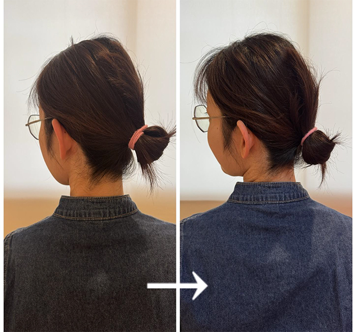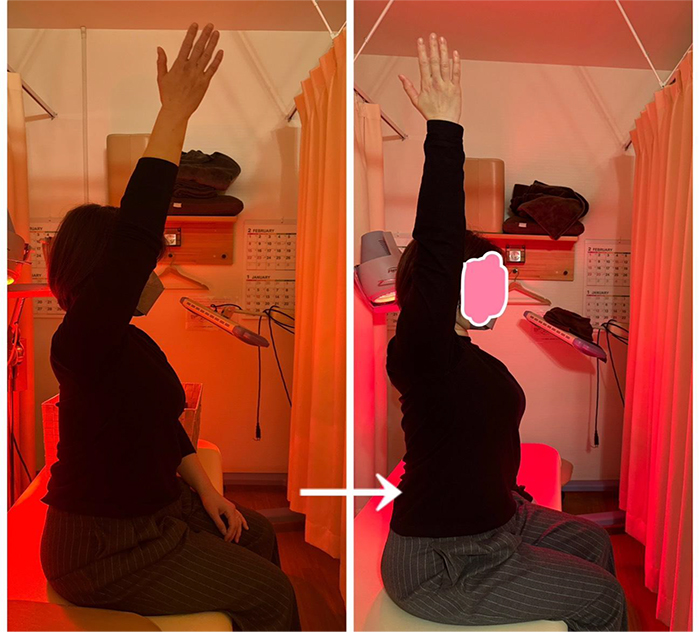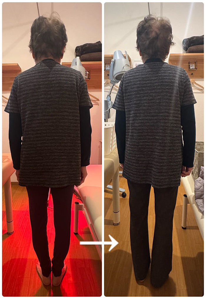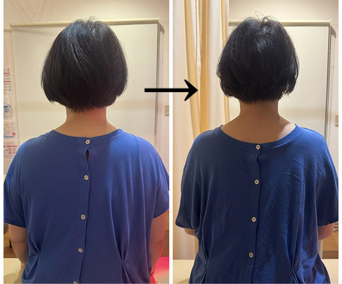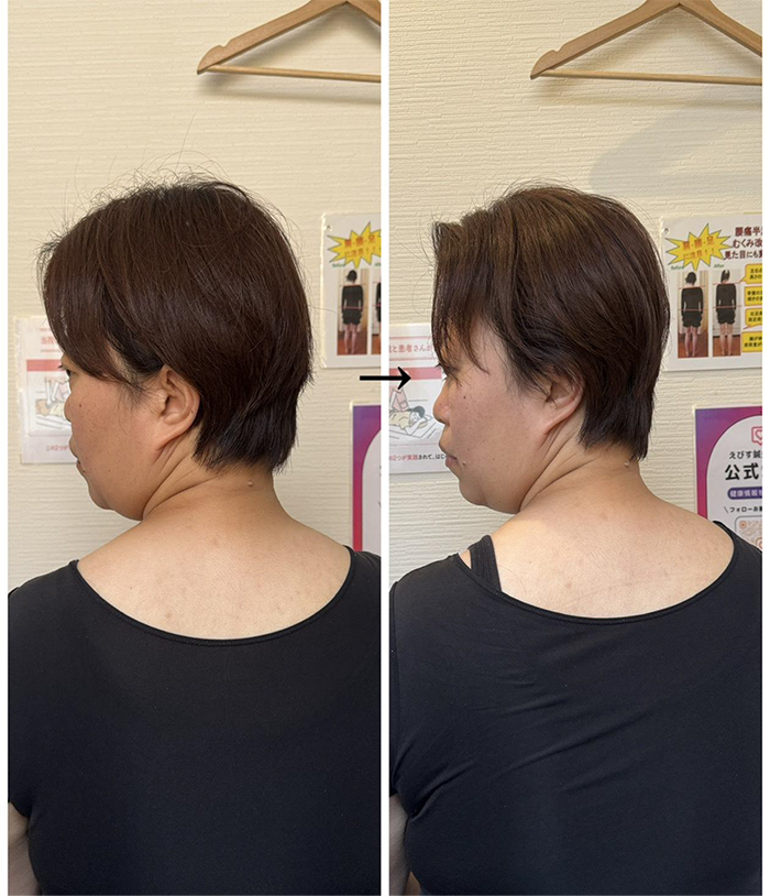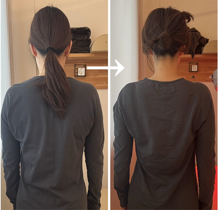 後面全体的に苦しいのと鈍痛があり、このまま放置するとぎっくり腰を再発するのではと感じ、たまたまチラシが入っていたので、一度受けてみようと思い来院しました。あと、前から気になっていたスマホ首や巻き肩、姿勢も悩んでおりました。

——

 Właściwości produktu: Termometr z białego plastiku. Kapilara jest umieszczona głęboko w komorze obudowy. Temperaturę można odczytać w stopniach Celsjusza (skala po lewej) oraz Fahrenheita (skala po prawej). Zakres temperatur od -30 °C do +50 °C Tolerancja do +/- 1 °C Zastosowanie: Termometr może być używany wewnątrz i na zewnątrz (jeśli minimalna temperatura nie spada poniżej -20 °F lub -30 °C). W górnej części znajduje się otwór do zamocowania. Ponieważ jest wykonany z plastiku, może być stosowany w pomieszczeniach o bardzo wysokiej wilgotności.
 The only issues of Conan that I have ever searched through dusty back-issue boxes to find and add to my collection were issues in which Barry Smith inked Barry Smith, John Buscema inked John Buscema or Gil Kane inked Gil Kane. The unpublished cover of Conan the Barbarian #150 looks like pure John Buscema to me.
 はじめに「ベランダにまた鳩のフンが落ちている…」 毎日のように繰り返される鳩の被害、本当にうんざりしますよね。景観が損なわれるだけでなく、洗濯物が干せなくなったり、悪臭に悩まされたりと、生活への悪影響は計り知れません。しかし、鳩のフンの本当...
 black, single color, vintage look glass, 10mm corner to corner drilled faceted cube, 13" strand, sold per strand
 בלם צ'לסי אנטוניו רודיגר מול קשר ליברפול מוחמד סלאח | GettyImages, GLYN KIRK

——

Copy out the range of lines above starting at the line with "はじめに「ベランダにまた鳩の" and ending at the line with "בלם צ'לסי אנטוניו", exactly and including both.

» **Expected answer**:
 はじめに「ベランダにまた鳩のフンが落ちている…」 毎日のように繰り返される鳩の被害、本当にうんざりしますよね。景観が損なわれるだけでなく、洗濯物が干せなくなったり、悪臭に悩まされたりと、生活への悪影響は計り知れません。しかし、鳩のフンの本当...
 black, single color, vintage look glass, 10mm corner to corner drilled faceted cube, 13" strand, sold per strand
 בלם צ'לסי אנטוניו רודיגר מול קשר ליברפול מוחמד סלאח | GettyImages, GLYN KIRK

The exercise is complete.